[Work request]: Although the records contain pictures, only their text should be set down, exactly as written.

(Excerpts from a dataset)

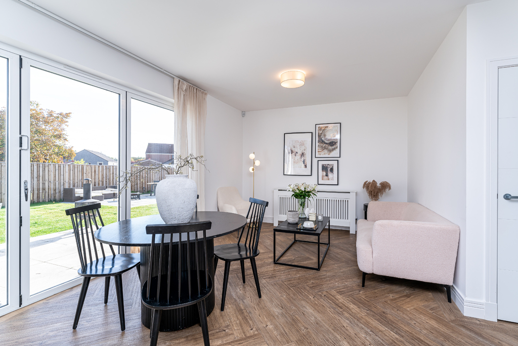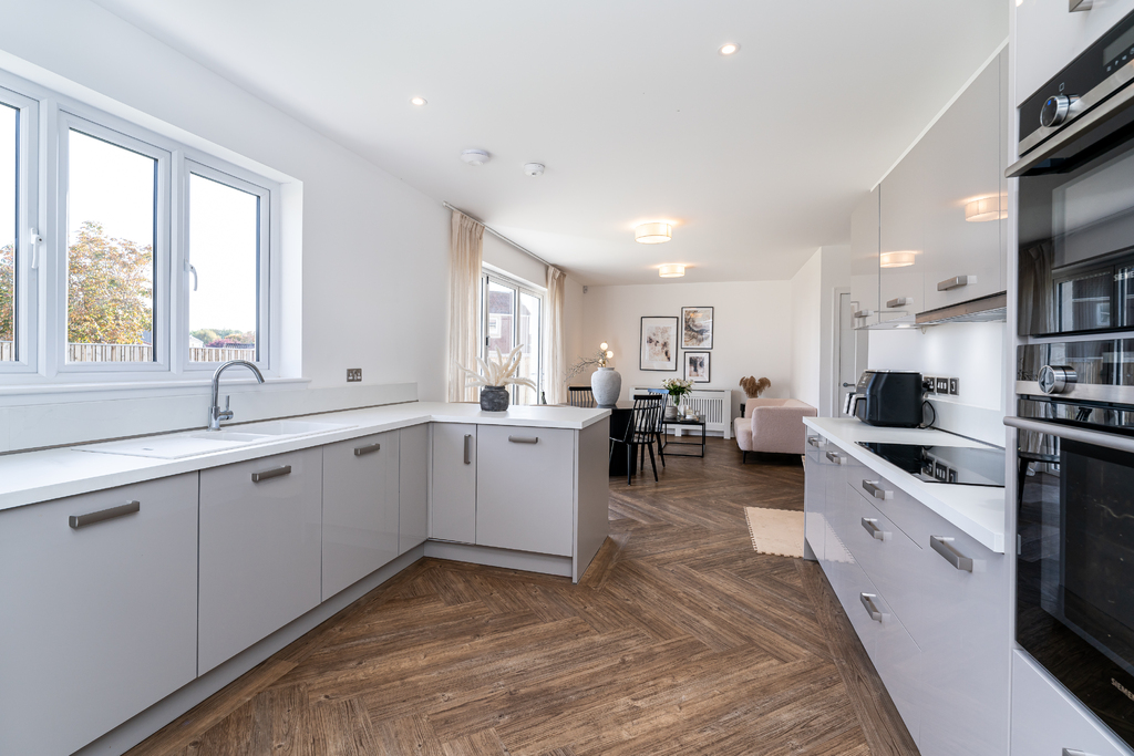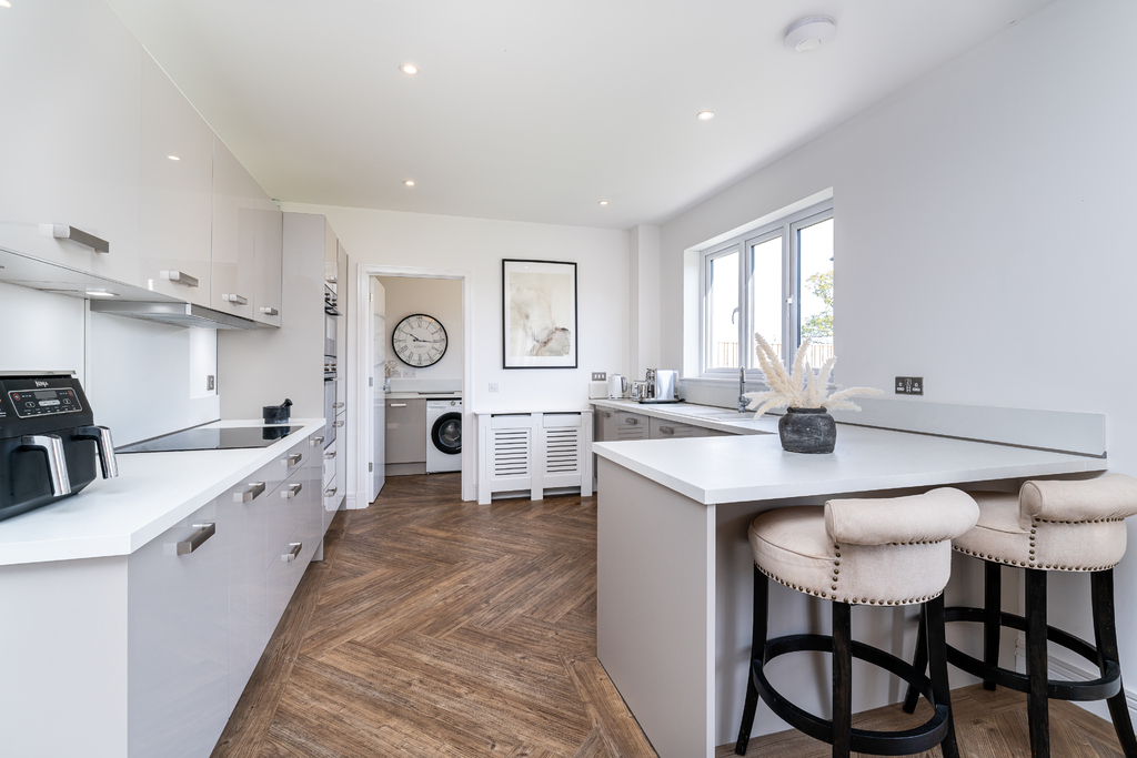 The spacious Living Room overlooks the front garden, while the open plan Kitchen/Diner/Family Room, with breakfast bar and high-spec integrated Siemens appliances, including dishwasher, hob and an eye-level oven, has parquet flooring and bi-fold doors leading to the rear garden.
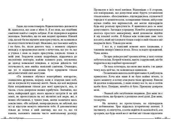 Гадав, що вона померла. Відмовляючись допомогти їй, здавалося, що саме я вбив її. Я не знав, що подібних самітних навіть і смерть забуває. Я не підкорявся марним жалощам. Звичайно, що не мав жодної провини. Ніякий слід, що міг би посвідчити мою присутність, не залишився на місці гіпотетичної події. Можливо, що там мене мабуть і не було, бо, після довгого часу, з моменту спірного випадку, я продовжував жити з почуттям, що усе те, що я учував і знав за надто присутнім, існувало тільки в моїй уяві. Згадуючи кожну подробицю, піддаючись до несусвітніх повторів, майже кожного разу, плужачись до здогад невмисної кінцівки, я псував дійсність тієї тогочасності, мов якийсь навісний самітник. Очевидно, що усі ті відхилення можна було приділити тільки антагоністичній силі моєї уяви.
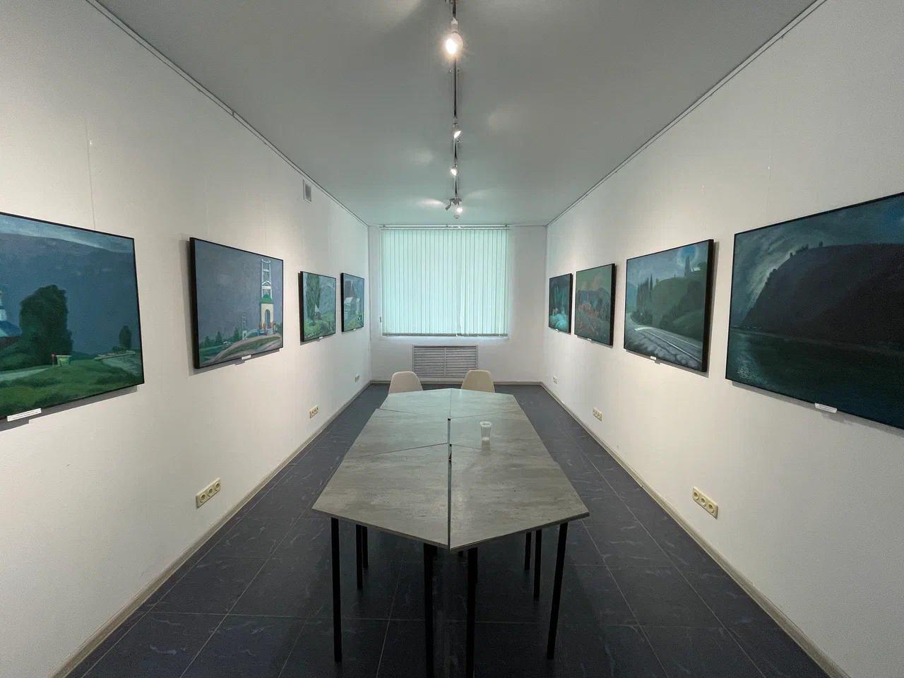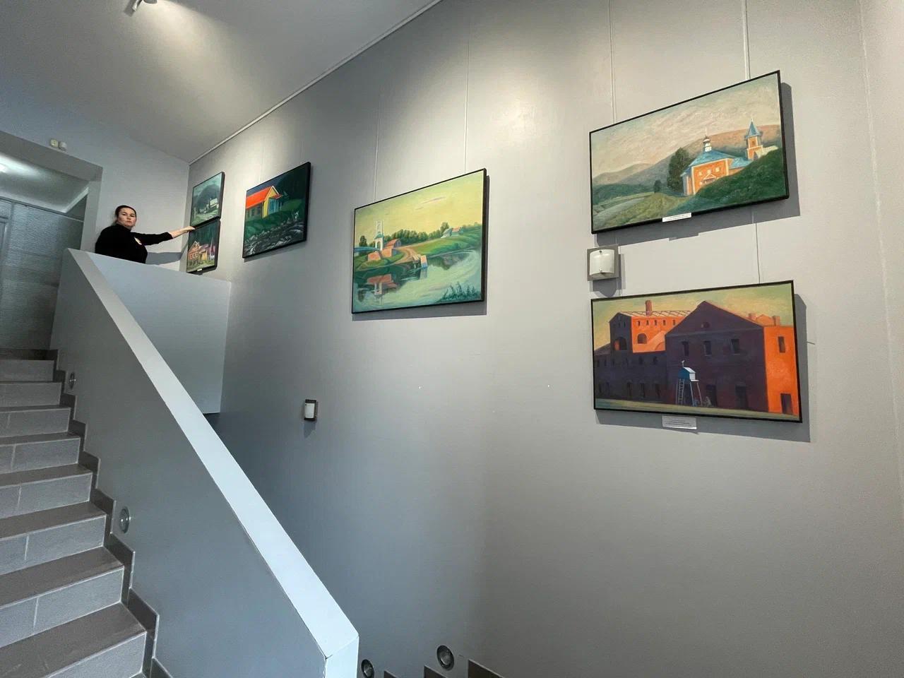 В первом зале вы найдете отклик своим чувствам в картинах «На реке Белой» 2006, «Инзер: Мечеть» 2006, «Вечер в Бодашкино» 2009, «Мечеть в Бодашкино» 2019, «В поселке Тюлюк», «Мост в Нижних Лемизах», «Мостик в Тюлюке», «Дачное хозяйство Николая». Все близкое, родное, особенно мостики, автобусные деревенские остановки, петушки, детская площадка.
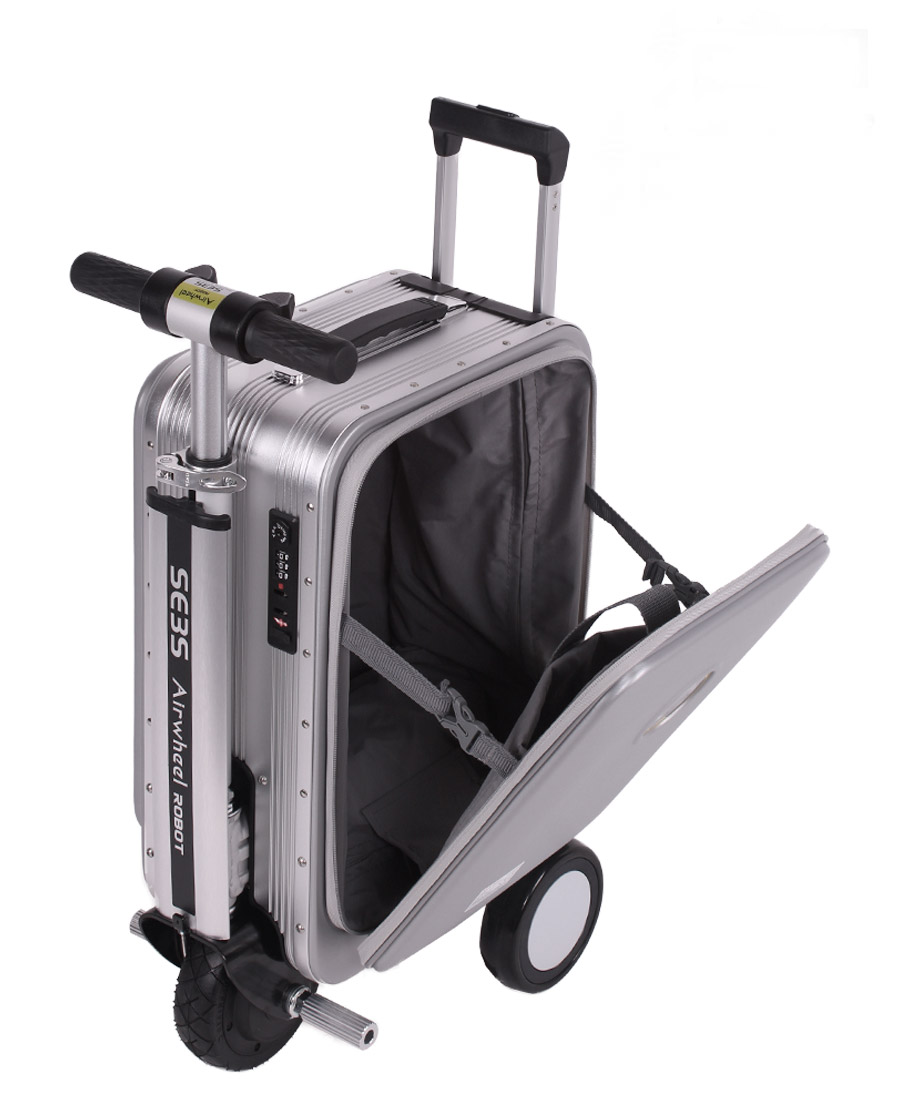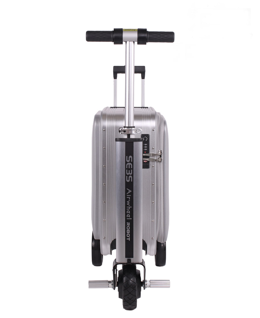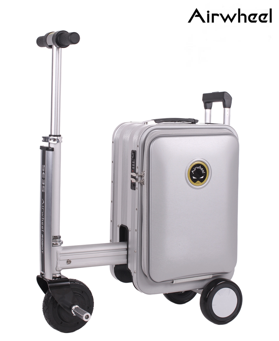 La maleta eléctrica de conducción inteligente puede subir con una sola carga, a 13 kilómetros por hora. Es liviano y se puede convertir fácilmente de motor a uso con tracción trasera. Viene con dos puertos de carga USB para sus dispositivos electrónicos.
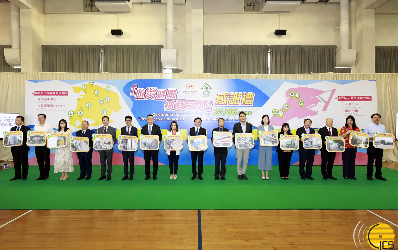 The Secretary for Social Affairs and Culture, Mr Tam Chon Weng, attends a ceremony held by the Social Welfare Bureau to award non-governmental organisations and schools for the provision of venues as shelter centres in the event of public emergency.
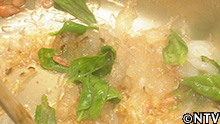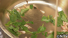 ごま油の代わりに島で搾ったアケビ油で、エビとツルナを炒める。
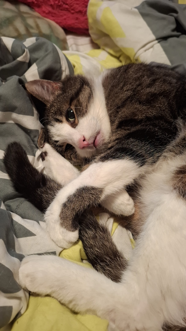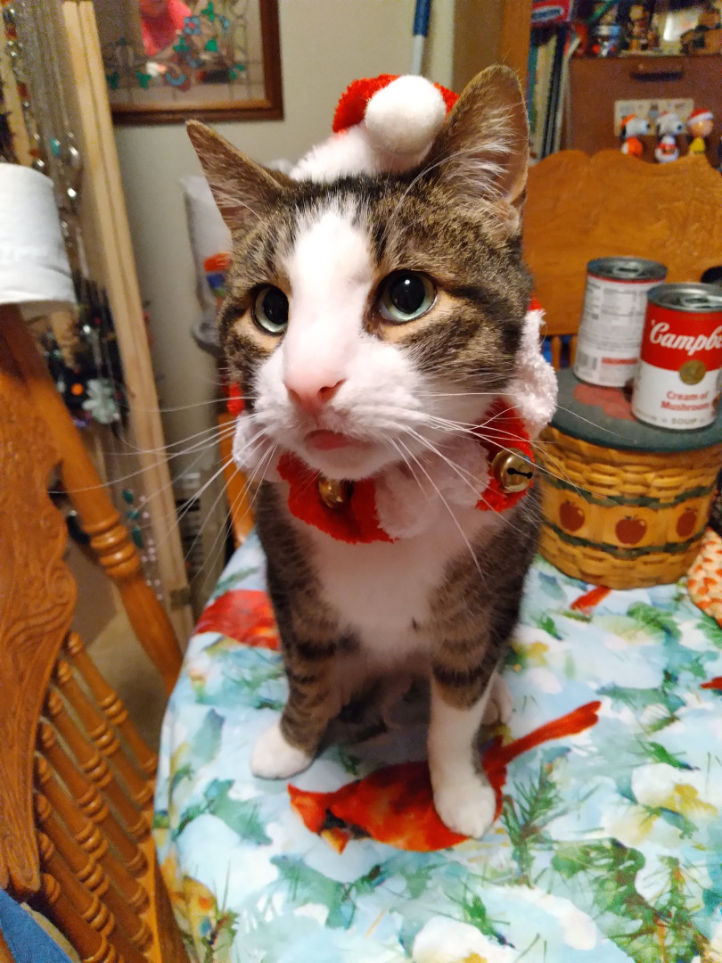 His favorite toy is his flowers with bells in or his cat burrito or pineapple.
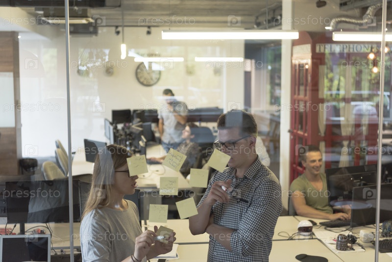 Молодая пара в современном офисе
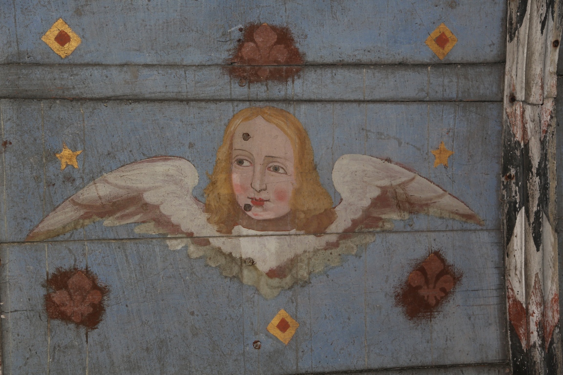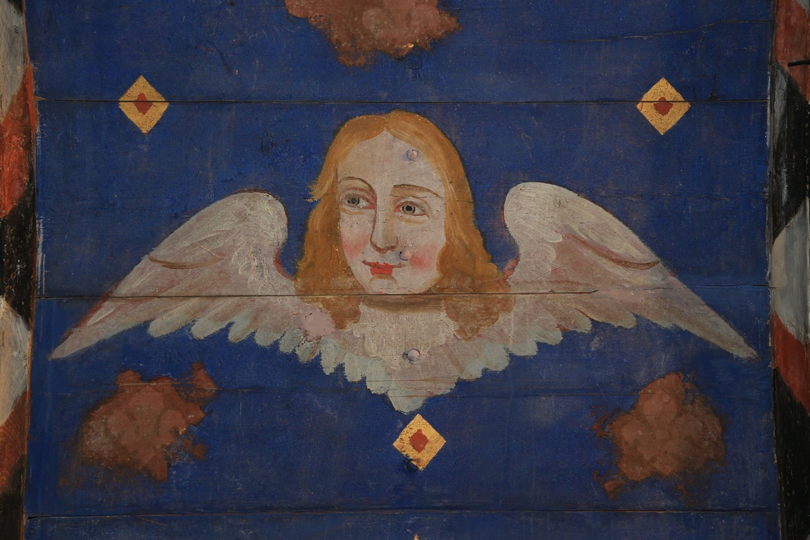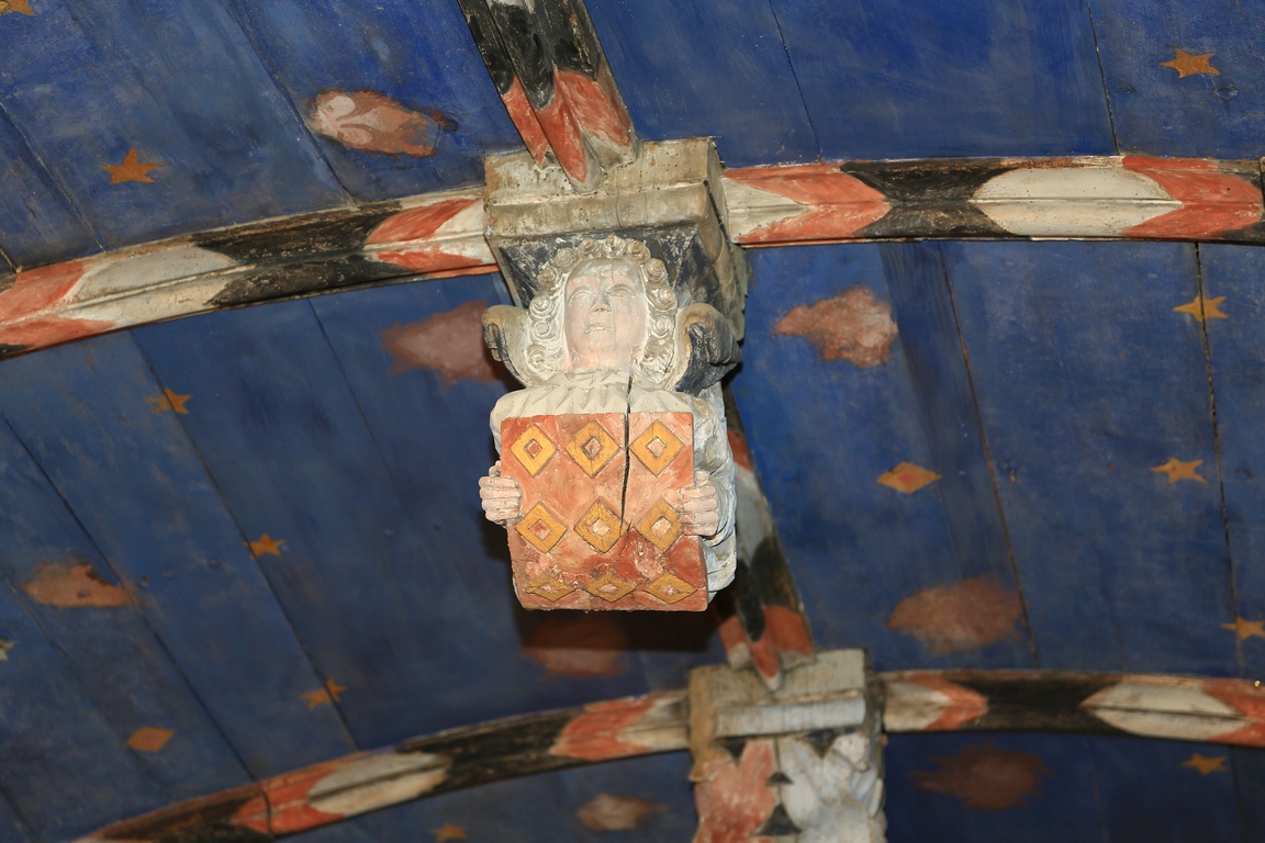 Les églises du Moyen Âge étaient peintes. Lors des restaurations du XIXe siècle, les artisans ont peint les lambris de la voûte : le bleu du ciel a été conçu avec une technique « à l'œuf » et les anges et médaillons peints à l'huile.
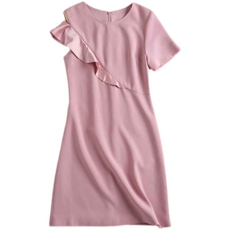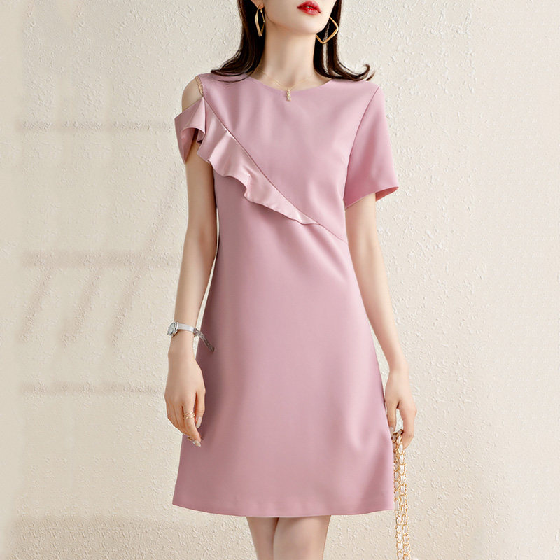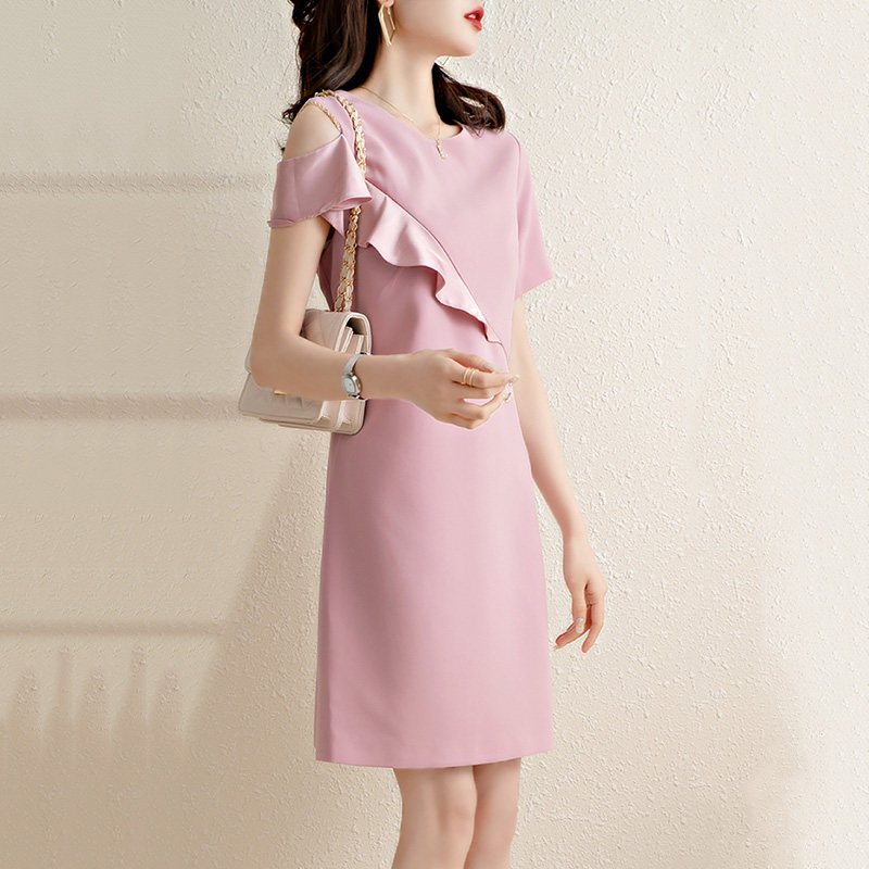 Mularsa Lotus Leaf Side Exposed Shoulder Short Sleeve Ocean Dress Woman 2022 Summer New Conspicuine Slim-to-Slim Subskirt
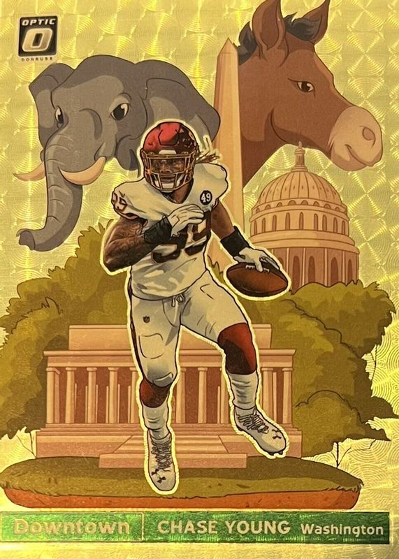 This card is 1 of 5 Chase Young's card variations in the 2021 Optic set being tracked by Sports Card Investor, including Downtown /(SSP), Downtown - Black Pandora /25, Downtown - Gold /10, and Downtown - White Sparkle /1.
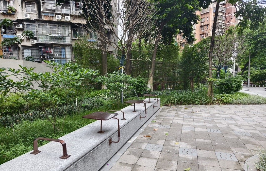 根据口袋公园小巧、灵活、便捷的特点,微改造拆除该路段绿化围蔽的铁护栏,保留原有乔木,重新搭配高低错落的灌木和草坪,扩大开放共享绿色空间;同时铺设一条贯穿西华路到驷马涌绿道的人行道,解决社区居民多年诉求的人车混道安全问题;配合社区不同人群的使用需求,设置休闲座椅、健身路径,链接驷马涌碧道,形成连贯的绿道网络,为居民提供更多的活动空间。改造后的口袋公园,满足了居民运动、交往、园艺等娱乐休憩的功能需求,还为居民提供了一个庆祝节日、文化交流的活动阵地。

[Written reply]:
 The spacious Living Room overlooks the front garden, while the open plan Kitchen/Diner/Family Room, with breakfast bar and high-spec integrated Siemens appliances, including dishwasher, hob and an eye-level oven, has parquet flooring and bi-fold doors leading to the rear garden.
 Гадав, що вона померла. Відмовляючись допомогти їй, здавалося, що саме я вбив її. Я не знав, що подібних самітних навіть і смерть забуває. Я не підкорявся марним жалощам. Звичайно, що не мав жодної провини. Ніякий слід, що міг би посвідчити мою присутність, не залишився на місці гіпотетичної події. Можливо, що там мене мабуть і не було, бо, після довгого часу, з моменту спірного випадку, я продовжував жити з почуттям, що усе те, що я учував і знав за надто присутнім, існувало тільки в моїй уяві. Згадуючи кожну подробицю, піддаючись до несусвітніх повторів, майже кожного разу, плужачись до здогад невмисної кінцівки, я псував дійсність тієї тогочасності, мов якийсь навісний самітник. Очевидно, що усі ті відхилення можна було приділити тільки антагоністичній силі моєї уяви.
 В первом зале вы найдете отклик своим чувствам в картинах «На реке Белой» 2006, «Инзер: Мечеть» 2006, «Вечер в Бодашкино» 2009, «Мечеть в Бодашкино» 2019, «В поселке Тюлюк», «Мост в Нижних Лемизах», «Мостик в Тюлюке», «Дачное хозяйство Николая». Все близкое, родное, особенно мостики, автобусные деревенские остановки, петушки, детская площадка.
 La maleta eléctrica de conducción inteligente puede subir con una sola carga, a 13 kilómetros por hora. Es liviano y se puede convertir fácilmente de motor a uso con tracción trasera. Viene con dos puertos de carga USB para sus dispositivos electrónicos.
 The Secretary for Social Affairs and Culture, Mr Tam Chon Weng, attends a ceremony held by the Social Welfare Bureau to award non-governmental organisations and schools for the provision of venues as shelter centres in the event of public emergency.
 ごま油の代わりに島で搾ったアケビ油で、エビとツルナを炒める。
 His favorite toy is his flowers with bells in or his cat burrito or pineapple.
 Молодая пара в современном офисе
 Les églises du Moyen Âge étaient peintes. Lors des restaurations du XIXe siècle, les artisans ont peint les lambris de la voûte : le bleu du ciel a été conçu avec une technique « à l'œuf » et les anges et médaillons peints à l'huile.
 Mularsa Lotus Leaf Side Exposed Shoulder Short Sleeve Ocean Dress Woman 2022 Summer New Conspicuine Slim-to-Slim Subskirt
 This card is 1 of 5 Chase Young's card variations in the 2021 Optic set being tracked by Sports Card Investor, including Downtown /(SSP), Downtown - Black Pandora /25, Downtown - Gold /10, and Downtown - White Sparkle /1.
 根据口袋公园小巧、灵活、便捷的特点,微改造拆除该路段绿化围蔽的铁护栏,保留原有乔木,重新搭配高低错落的灌木和草坪,扩大开放共享绿色空间;同时铺设一条贯穿西华路到驷马涌绿道的人行道,解决社区居民多年诉求的人车混道安全问题;配合社区不同人群的使用需求,设置休闲座椅、健身路径,链接驷马涌碧道,形成连贯的绿道网络,为居民提供更多的活动空间。改造后的口袋公园,满足了居民运动、交往、园艺等娱乐休憩的功能需求,还为居民提供了一个庆祝节日、文化交流的活动阵地。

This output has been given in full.